# How do you stop cold callers phoning your house?



## ophelia (Sep 27, 2005)

Hi,

Anyone know how to stop all these random calls you get from people selling kitchens, windows, doing surveys etc?

My DH claims to have phoned a number to block those calls ages ago but it doesn't seem to be working. 
I just had a phone call from someone local (who, for once didn't have a withheld number) and was wondering if you can block them too or is it that once you're number is in the phone book anyone can just phone you for silly surveys?

Since I've been off on maternity leave I've had about 2 calls a day (usually when napping. ) and they're mainly from abroad (as it says International on my number id) and it infuriates me as I have other things to do than getting annoyed with strangers phoning my house.

Any suggestions what i can do to stop these calls?

Love/Ophelia


----------



## professor waffle (Apr 23, 2005)

You could try this

http://www.mpsonline.org.uk/tps/

/links


----------



## AmandaB1971 (Feb 19, 2006)

It's the telephone preference list he will have put you on but it only last 6 months and then you have to re-register! 

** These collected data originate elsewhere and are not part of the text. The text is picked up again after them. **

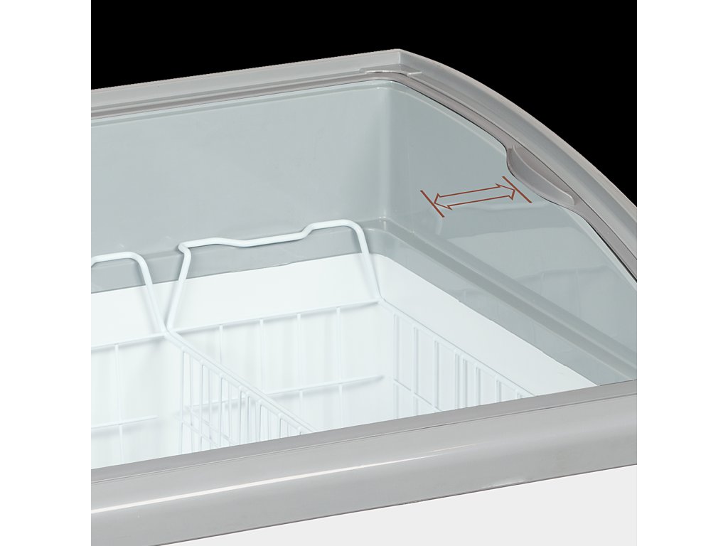 naklonená výstavná plocha pre lepšiu prezentáciu|oblé posuvné veká so zámkom|kompletná súprava košov|ideálne na reklamné polepy|digitálny teplomer|kolieska s brzdou|klimatická trieda 5 - vysoký výkon aj v teplom prostredí
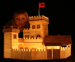 Houten latjes van 9×9 mm en papieren accessoires (ramen, deuren, daken) zorgen voor een natuurgetrouwe uitstraling van middeleeuwse architectuur.
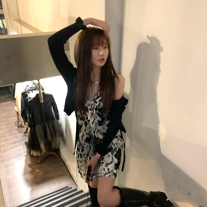 ボウ絞り染めインナーストラップドレス女性2020年秋新作ショートスカートデザインセンスニッチウエストスカート ブラックストロベリース83810965824
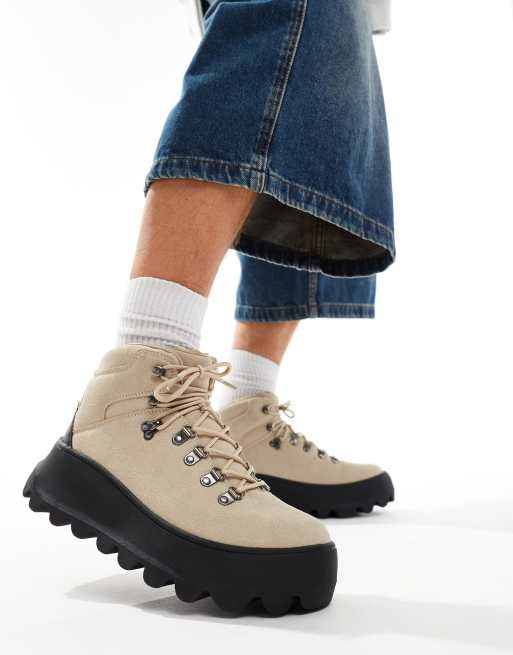 ASOS DESIGN – Geschnürte Wanderstiefel in Steinbeige mit dicker Sohle

http://www.tpsonline.org.uk/tps/what/

Axxx

/links


----------



## HippyChicky (Aug 3, 2009)

The TPS registration does not need to be renewed every 6 months, the reason why you sometimes keep getting cold calls is because companies have bought old telephone lists before you registered with the TPS. As you say I think many local firms just pick up a phone book and work their way through them. Just tell them you are registered with the TPS and they soon hang up.


----------



## ophelia (Sep 27, 2005)

Many thanks for your replies ladies. Will register with the TPS as soon as.


----------